- [Work item]:
All of the entries, apart from their pictures, are to be copied verbatim.

[Saved entries]
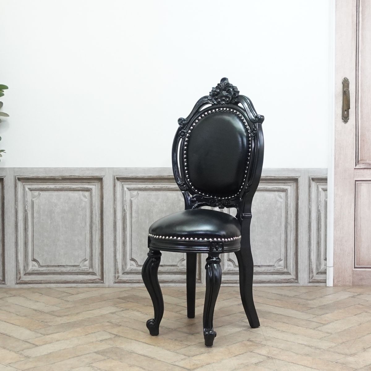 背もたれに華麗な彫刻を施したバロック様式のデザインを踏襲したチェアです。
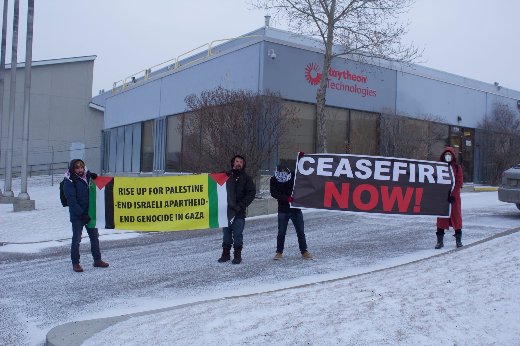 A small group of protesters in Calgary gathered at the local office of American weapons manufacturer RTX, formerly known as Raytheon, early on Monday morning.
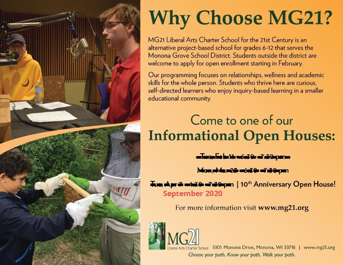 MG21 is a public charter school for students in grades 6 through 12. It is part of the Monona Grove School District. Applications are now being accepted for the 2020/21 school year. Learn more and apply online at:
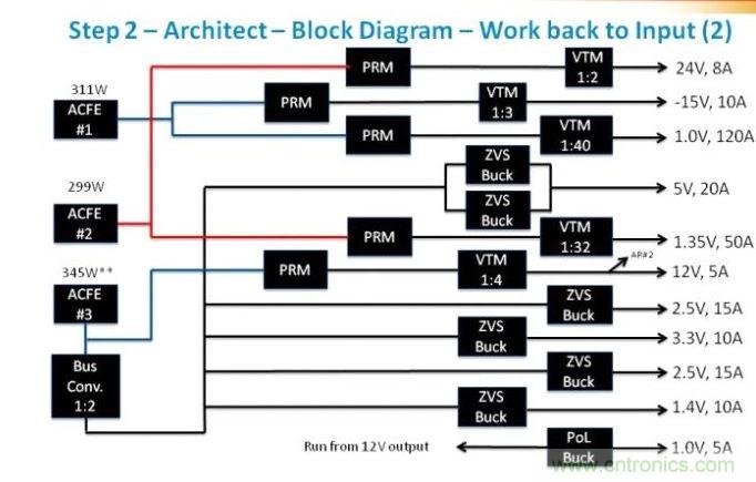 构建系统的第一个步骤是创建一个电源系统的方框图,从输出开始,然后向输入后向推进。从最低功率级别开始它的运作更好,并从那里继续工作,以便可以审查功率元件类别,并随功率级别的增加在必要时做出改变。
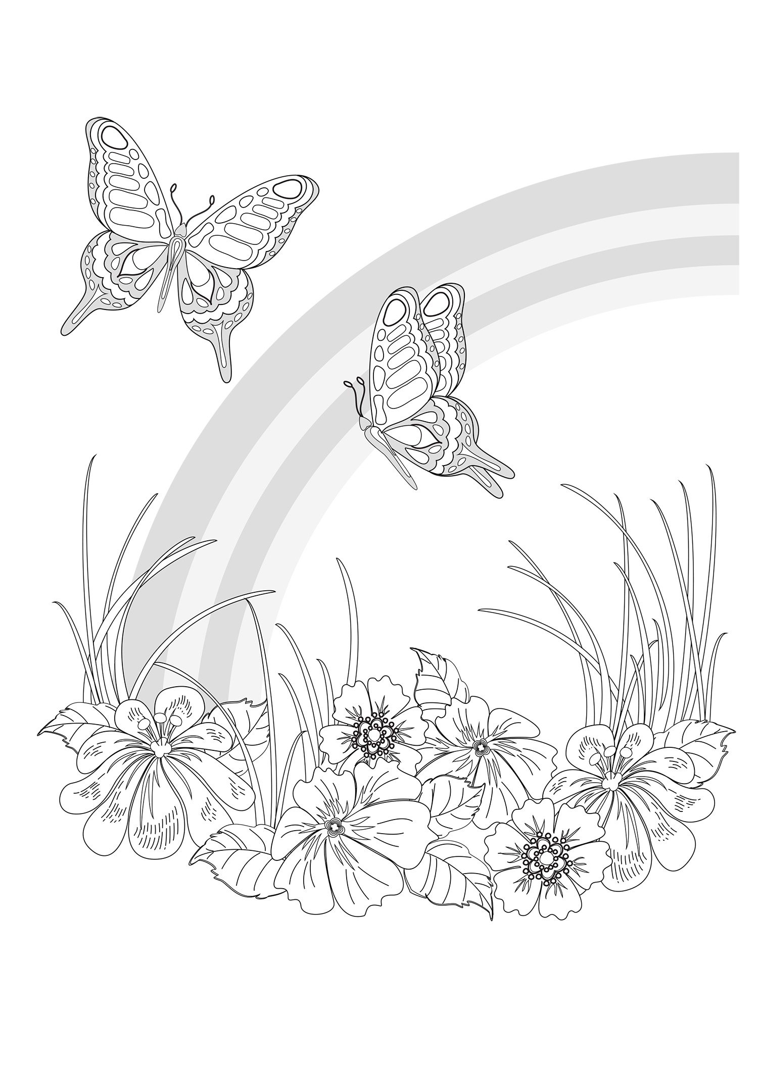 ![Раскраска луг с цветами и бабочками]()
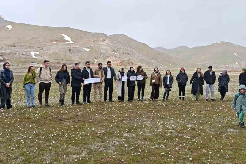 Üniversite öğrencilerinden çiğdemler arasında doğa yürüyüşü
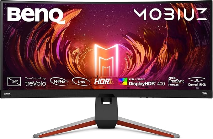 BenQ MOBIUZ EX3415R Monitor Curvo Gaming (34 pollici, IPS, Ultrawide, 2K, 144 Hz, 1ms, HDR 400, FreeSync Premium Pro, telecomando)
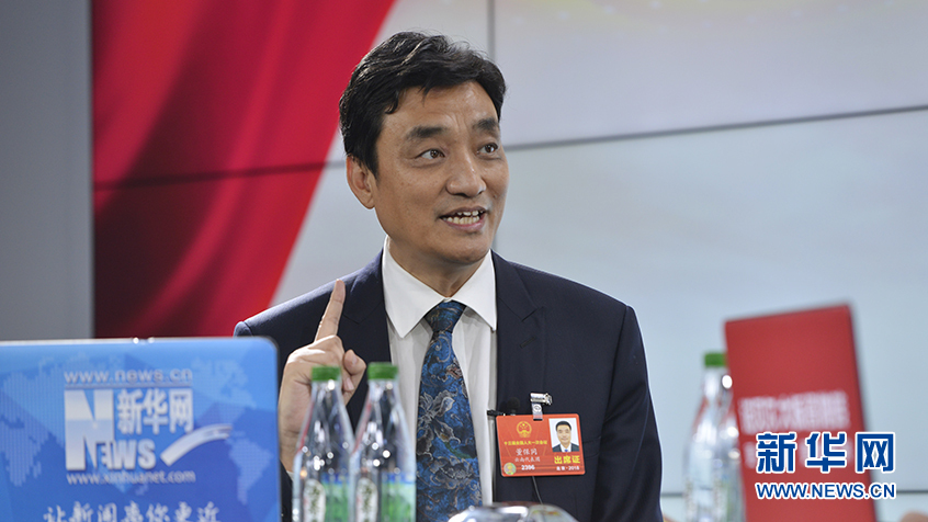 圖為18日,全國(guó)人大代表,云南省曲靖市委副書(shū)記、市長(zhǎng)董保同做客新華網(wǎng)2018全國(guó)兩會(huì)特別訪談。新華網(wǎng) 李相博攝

- [Solution below]:
 背もたれに華麗な彫刻を施したバロック様式のデザインを踏襲したチェアです。
 A small group of protesters in Calgary gathered at the local office of American weapons manufacturer RTX, formerly known as Raytheon, early on Monday morning.
 MG21 is a public charter school for students in grades 6 through 12. It is part of the Monona Grove School District. Applications are now being accepted for the 2020/21 school year. Learn more and apply online at:
 构建系统的第一个步骤是创建一个电源系统的方框图,从输出开始,然后向输入后向推进。从最低功率级别开始它的运作更好,并从那里继续工作,以便可以审查功率元件类别,并随功率级别的增加在必要时做出改变。
 ![Раскраска луг с цветами и бабочками]()
 Üniversite öğrencilerinden çiğdemler arasında doğa yürüyüşü
 BenQ MOBIUZ EX3415R Monitor Curvo Gaming (34 pollici, IPS, Ultrawide, 2K, 144 Hz, 1ms, HDR 400, FreeSync Premium Pro, telecomando)
 圖為18日,全國(guó)人大代表,云南省曲靖市委副書(shū)記、市長(zhǎng)董保同做客新華網(wǎng)2018全國(guó)兩會(huì)特別訪談。新華網(wǎng) 李相博攝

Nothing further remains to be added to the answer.